### [Problem details]
Unless it is a picture, every line from the start of the entries through the line with "Im Kesselhaus der Brauerei Rothaus." must be retyped exactly.

-----

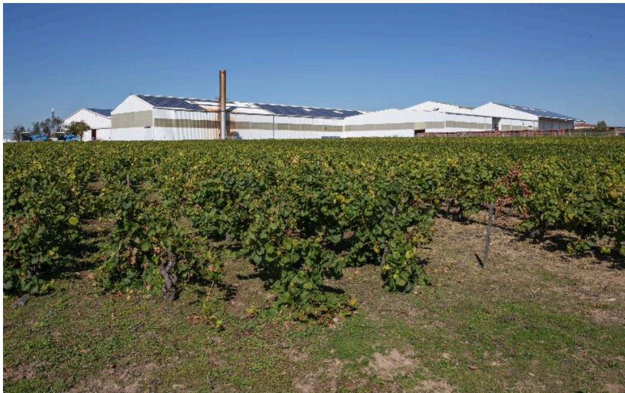
Usine Iméry's à la Boissière-du-Doré.
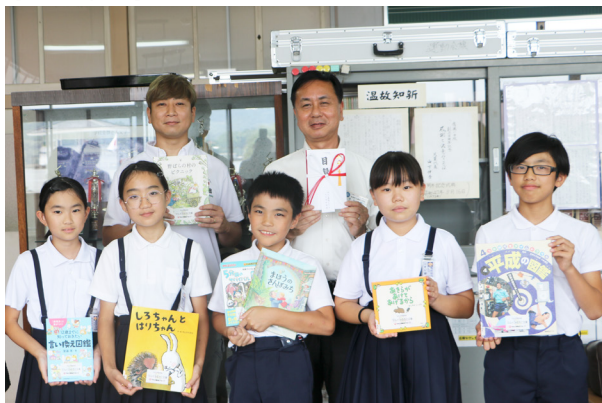
好きな本を手にする児童ら

学校への寄贈は3年目を迎えます。今年度は蔵之元小学校にも寄贈され、今回で町内全ての小学校に寄贈されたこととなります。
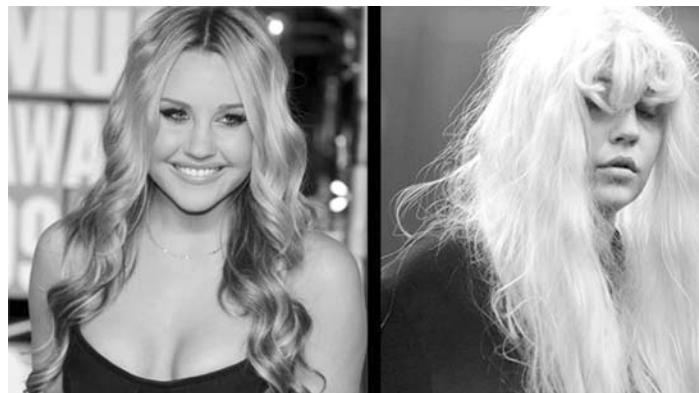
Amanda: antes e depois dos surtos

Relembre: a atriz chegou a anunciar sua aposentadoria aos 24 anos, voltou atrás, mas nunca mais estreou nenhuma produção. Ela ainda coleciona polêmicas: foi presa após bater o carro em uma viatura e fugir do local, dirigir embriagada, fazer uso de drogas como maconha e, é claro, brigar com uma galera pelo Twitter.
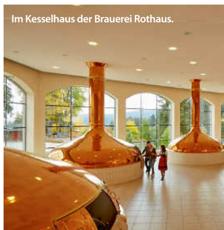
Im Kesselhaus der Brauerei Rothaus.

In den letzten Jahren haben sich zu den traditionellen Biersorten auch viele neue, kreative Variationen gesellt. Mehr als 500 Jahre nach der Einführung des Reinheitsgebots erlebt die Braukunst im Süden eine Renaissance der Experimentierfreude. Sowohl in kleinen Mikrobrauereien als auch in etablierten Familienunternehmen wird die Bandbreite an Geschmack ausgelotet. Von Amber Ale bis hin zu Porter und Stout – die Braukünstler zeigen eindrucksvoll, wie aus hochwertigen Hopfen- und Malzsorten Aromenvielfalt entstehen kann. (jr)
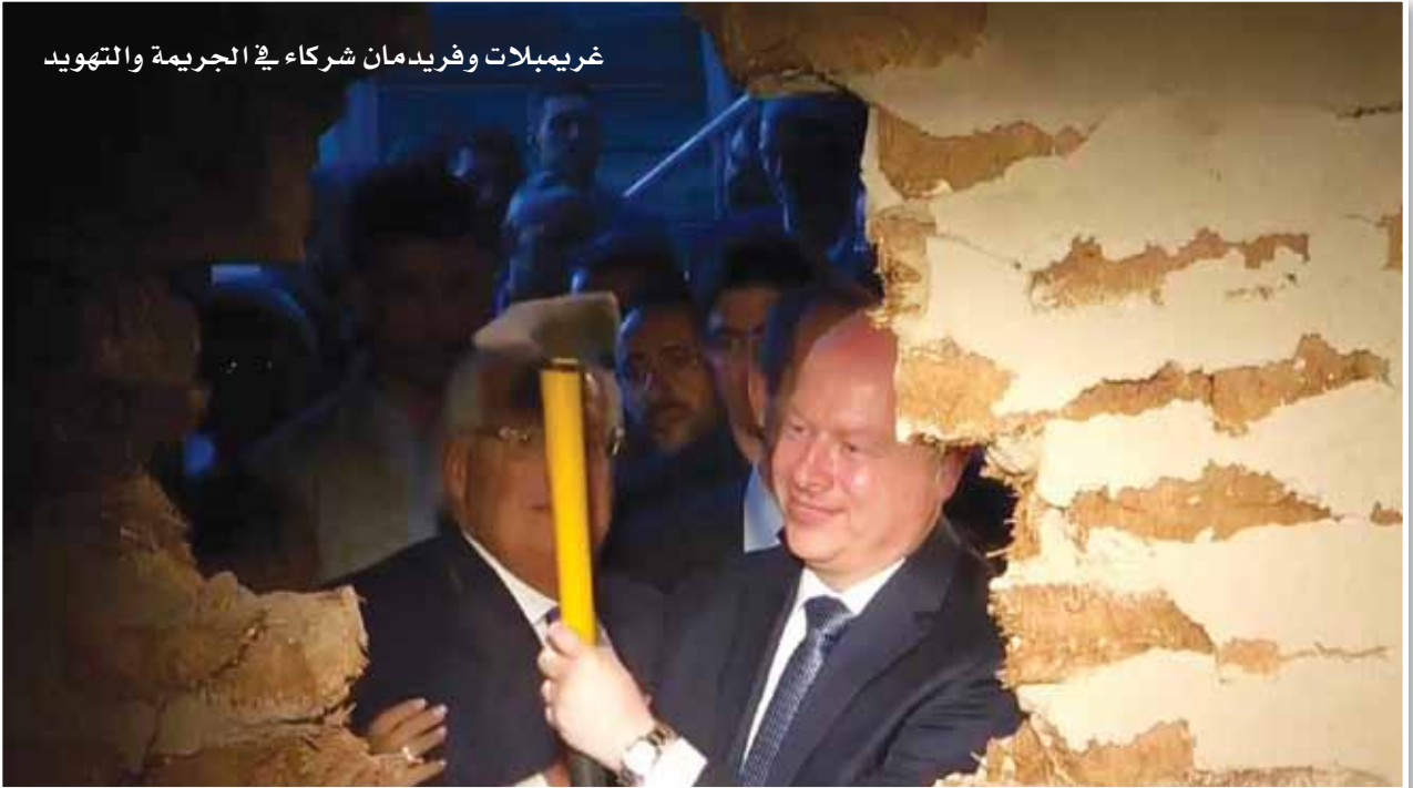
غريمبلات وفريدمان شركاء في الجريمة والتهويد

وطالب الحكومات العربية والإسلامية وبرلماناتها بالوقوف عند مسؤولياتها القومية والدينية وترجمة الأقوال إلى أفعال تنقذ القدس ومقدساتها الإسلامية والمسيحية من خطر التهويد والضياع، ودعاها لمشاهدة تباهي المستوطن
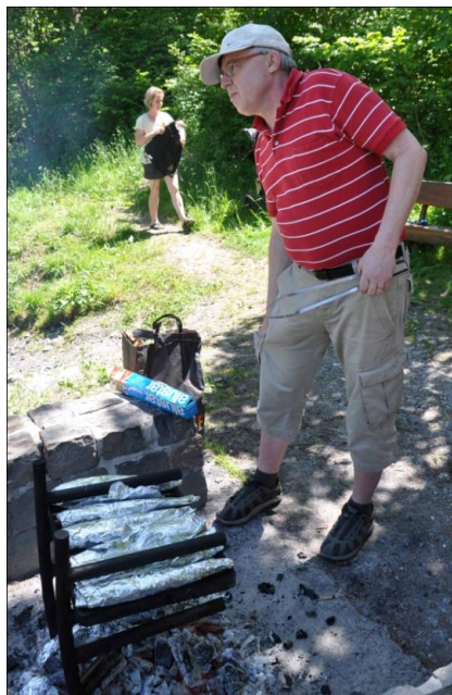
Foto: mehr Forellen haben auf dem Grill nicht Platz
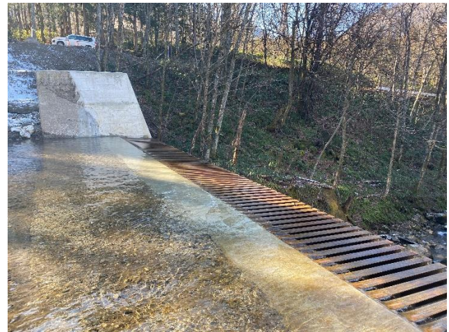
チロリアン取水口
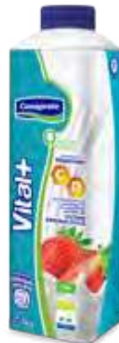
Vital + Inmunidad Cont. Neto 1 kg

-----

### [Written solution]
Usine Iméry's à la Boissière-du-Doré.
好きな本を手にする児童ら

学校への寄贈は3年目を迎えます。今年度は蔵之元小学校にも寄贈され、今回で町内全ての小学校に寄贈されたこととなります。
Amanda: antes e depois dos surtos

Relembre: a atriz chegou a anunciar sua aposentadoria aos 24 anos, voltou atrás, mas nunca mais estreou nenhuma produção. Ela ainda coleciona polêmicas: foi presa após bater o carro em uma viatura e fugir do local, dirigir embriagada, fazer uso de drogas como maconha e, é claro, brigar com uma galera pelo Twitter.
Im Kesselhaus der Brauerei Rothaus.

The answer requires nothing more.